COVID19: Is A Second Wave Inevitable?
by Raywat Deonandan, PhD
Epidemiologist & Associate Professor
University of Ottawa
(I add my credentials to these COVID-19 blog posts in case they get shared. I want readers to know that my opinion is supposedly an educated and informed one)
Aside from questions about safe school openings or the likelihood of a vaccine coming to market soon, the most common question I get these days has to do with the fabled “second wave.” In fact, I’ll be on a UK chat show in a few hours talking about this very thing. So I felt that now was a good time to write down my thoughts on the matter, lest my mind go completely blank as soon as that camera goes on.
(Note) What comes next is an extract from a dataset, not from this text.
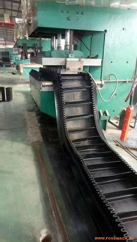 工業(yè)擋邊輸送帶, 是由基帶、擋邊、橫隔板3部分組成。擋邊起防止物料測滑撒落的作用。為便于繞過滾筒,檔邊設(shè)計成波紋狀;橫隔板的作用是承托物料,為了實現(xiàn)大傾角輸送,采用T型TC型。檔邊和橫隔板是用二次硫化的方法與基帶連接的,具有很高的連接強度。用于輸送易散落的粉狀、粒狀、小塊狀、糊狀及液態(tài)狀物料。其特點:適用于傾角0°~90°散裝物料的輸送;具有使用范圍廣、占地面積小、無轉(zhuǎn)運點、減少土建投資、維護費用低、維修容易輸送量大連續(xù)化、高效率、大傾角運輸,操作安全,使用簡便,,運費低廉,并能縮短運輸距離,降低工程造價,節(jié)省人力物力等特點;解決了普通帶和花紋帶所不能達到的輸送角度;還可根據(jù)使用環(huán)境,設(shè)計成完整、獨立的輸送系統(tǒng),避免了間斷輸送和復(fù)雜輸送的提升系統(tǒng)?裳厮、傾斜、垂直和變角方向輸送各種散裝物料,從煤、礦石、沙子到化肥和糧食等。物料粒度不限,可從很小的粒度到400mm的大粒度,輸送量可從1立方米/小時到6000立方米/小時。
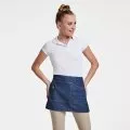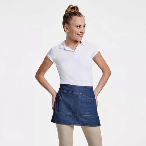 Características:Delantal corto en tejido vaquero: 1. Cuatro bolsillos frontales con remaches, uno de ellos especifico para el bolígrafo. 2. Cintas laterales a contraste para lazada.* 72% algodón / 23% viscosa / 5% poliéster, 225 g/m². * Modelo para alimentación. * Etiqueta removible.

As with all of these COVID posts, if you identify an error, please let me know in the comments below. I especially welcome scientists with relevant expertise to educate me if I’ve wandered too far off the compound.
What Are Epidemic Waves?
There really isn’t a formal definition. You know it when you see it. Incident cases increase over time, peak, then decrease over time. And after a lull of indeterminate time, the incidence rate rises again, peaks again, then declines once more. I just described two waves, and I used the incident cases to define the curve. But I just as easily could have used deaths caused by the disease, or even the proportion of all deaths in the population that were caused by that disease.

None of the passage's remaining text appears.